Bab 12

"Mbak, pesanan seragam nomor 21 bulan ini belum dipasang aksesori," jelas Sabila pada Adriani.

Adriani menghentikan coretannya di kertas. Kepalanya diangkat, menatap Sabila.

"Aku udah konfirmasi. Katanya, Mbak Adri belum menentukan pilihan," lanjut Sabila hati-hati. Melihat raut wajah bosnya sore ini seperti mengharuskannya waspada. Jangan sampai kena getahnya. Dia tak tahu ada apa antara bos dan mantan kurirnya. Namun, sejak Indra keluar ruang Admin, wajah Adriani sama sekali tak ramah. Seolah siap menerkam siapa saja.

Adriani menghela nafas frustasi. Mendengar penjelasan Sabila membuat pikirannya makin kacau. Masalah pribadinya ini ternyata menyedot seluruh tenaga dan perhatiannya.
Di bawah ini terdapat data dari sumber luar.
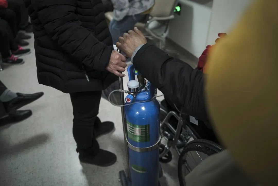 ▲ 输液时,很多人身边放着蓝色的氧气筒。
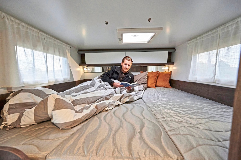 Bei solch einem Platzangebot wirken die Standardmaße des Badezimmers fast schon klein, obwohl dank Schwenkmechanismus Dusche und Waschbecken schick getrennt werden. Die Einzelbetten können ebenfalls zu einer großen Liegefläche werden, Platz für Kleidung ist in den beiden Schränken unter dem Bett oder im Hängeschrank darüber vorhanden.
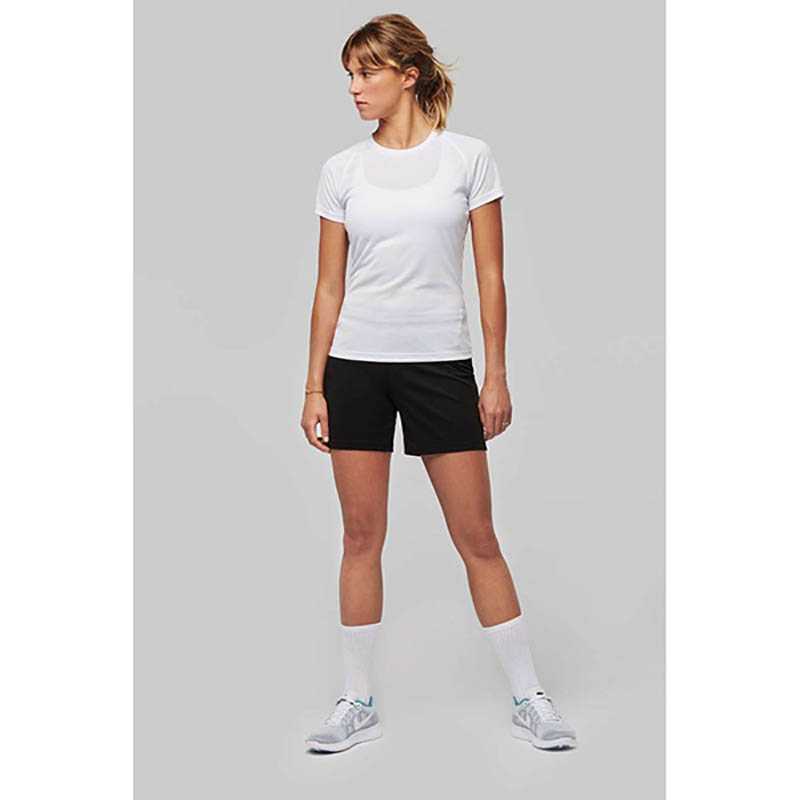 100 % polyester.Rýchloschnúca ľahká tkanina.Okrúhly výstrih s páskou pri krku.Raglánové rukávy s vrchným prešívaním.Dvojité prešívanie pri krku, manžetách a spodnom okraji.Certifikát STANDARD 100 podľa OEKO-TEX® č. CQ 1007/7, IFTH.

Sampai dia hampir melupakan pekerjaan utamanya.

Bagaimana mungkin dia bisa melupakan pesanan penting itu. "Ini tanggal berapa?" Mata Adriani melirik kalender duduk di ujung kanan meja kerjanya. Tanpa jawaban Sabila pun, dia sudah tahu jawaban atas pertanyaannya barusan. "Seragam itu dipakai 2 minggu lagi. Dua hari cukup, ya, pasang aksesori?" tanya Adriani ragu. Jumlah seragam yang akan dipakai 2 minggu lagi itu sepertinya tidak akan selesai hanya dalam 2 hari, kecuali ....

"Kita lembur, Mbak," jawab Sabila cepat. Memang harus lembur untuk menyelesaikannya.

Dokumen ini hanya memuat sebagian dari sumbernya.